Ethiopia
Ethiopia is the second largest country by population in Africa with a population of 114,963,580. It has ratified most international and regional human rights instruments including the African Charter on Human and People’s Rights.
Similarly, the Constitution of the guarantees media freedom. Ethiopia was one of the first countries in Africa to pass a progressive access to information law.
However, it has failed to file four periodic reports to the African Commission on Human and People’s Rights as required by Article 62 of the African Charter.
A reformist government initiated in 2018 that had initiated media laws reforms responded to political ethnic unrest with mass arrests and military offensive in the Tigray region leading to widespread and egregious human rights violations.
The media has equally been on receiving end in their attempts to report about the political conflict. The current scenario mimics what the society was like for nearly three decades’ where freedom of expression was severely restricted by government. Critics face frequent threats, arbitrary arrests and detention. Ethiopia’s apparatus of media censorship are vast and freedom of expression cannot be guaranteed without substantial legal reforms.
The legal apparatus includes the Anti-Terrorism Proclamation, the Criminal Code, the Mass Media and Access to Information Proclamation of 2009, Ethiopia Broadcasting Authority law, criminal defamation statute and the provisions shielding public officials from criticism. A legislative reform process was initiated in 2018 but its seems to have stalled given the persistent conflict in the Tigray areas.

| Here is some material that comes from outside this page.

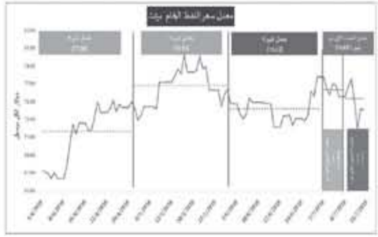
النفط الاسبوعي أسعار النفط الخام ومنتجاته حسب السوق المرجعية

أعلنت وزارة الطاقة والثروة المعدنية امس الاثنين، عن مؤشر الأسعار لتتبع خام برنت والمشتقات النفطية وفق الأسواق المرجعية العالمية للمتمدة من قبل الوزارة لتعبر المشتقات النفطية. ووفق الإقر، شهدت أسعار خام برنت خلال الأسبوع الثاني من شهر تموز انخفاضاً بنسبة ٢ بالمئة مقارنة بالأسبوع الأول من نفس الشهر حيث انخفض من ٧٦ر٦ دولار للبرميل الى ٧٥ر٥ دولار. وكان سعر خام برنت القياسي قد وصل إلى حدود ٧٨ دولاراً للبرميل يوم الثلاثاء الماضي ليتراجع الى ٧٢ر٢ دولار الخميس، مسجلاً بذلك أدنى سعر لهذا الأسبوع ليعود ويغلق تداولات الأسبوع مرتفعاً بحوالي دولارين ليصل الى ٧١ر٣ دولار للبرميل يوم الجمعة الماضي. وبحسب الأسواق المرجعية العالمية للمتمدة من قبل وزارة الطاقة والثروة

Surveillance on dissidents, use of anti-terrorism laws to prefer trumped up charges against journalists and civil society actors, intimidation and administrative coercion such as limiting advertising revenues, restricting access to information, maintaining high costs for printing, blocking websites and social media platforms as well as complete internet shutdown have been a common feature in the country.
Many blogs and websites run by Ethiopians in the diaspora have continue to be blocked in Ethiopia even after there was a promise after the coming into power of Prime Minister Abiy Ahmed.
All is not gloomy. The country’s broadcasting and telecommunications sectors that were exclusively dominated by the state have started to reform and accept private actors. Safaricom, one of the lead telecommunications in Eastern Africa, has joined hands with others in a consortia to offer mobile and internet services.
The few private legacy media are heavily regulated and frequently censored. The state tightly controls most of the media, and the few surviving private media self-censored their coverage of politically sensitive issues for fear of being shut down. Most print publications were and still remain directly or indirectly owned by the government and are used as engines of ideological production and propaganda tools by government and the ruling party.
The few independent publications, television and radio outlets remain strapped financially, making it very difficult to provide in-depth and independent information and analysis on the domestic political issues for Ethiopians.
Many journalists, both in government or private media, are forced to self-censor for fear of reprisal in various forms. Journalists working for government owned media outlets are mostly concerned about job security, and are often worried that stories seen as unfavourable by editors could cost them their jobs.
Freelance journalists also are afraid of government reprisal either directly, such as through judicial harassment, or indirectly, through denial of access to information from government institutions. To survive most independent media are deliberately and systematically limiting themselves to entertainment and sports programmes and rarely report on hard politics.
According to Reporters without Borders World Press Freedom Index, Ethiopia’s ranking moved up from position 110 in 2019 to high 99th place in 2020 and slid back to 101 in 2021. ARTICLE 19 in its Global Expression Report 2021 categorized Ethiopia as a highly restricted country with a score of 32 out of 100. However, the report notes that in the period 2015-2020, Ethiopia recorded a significant advance in the freedom of expression indices.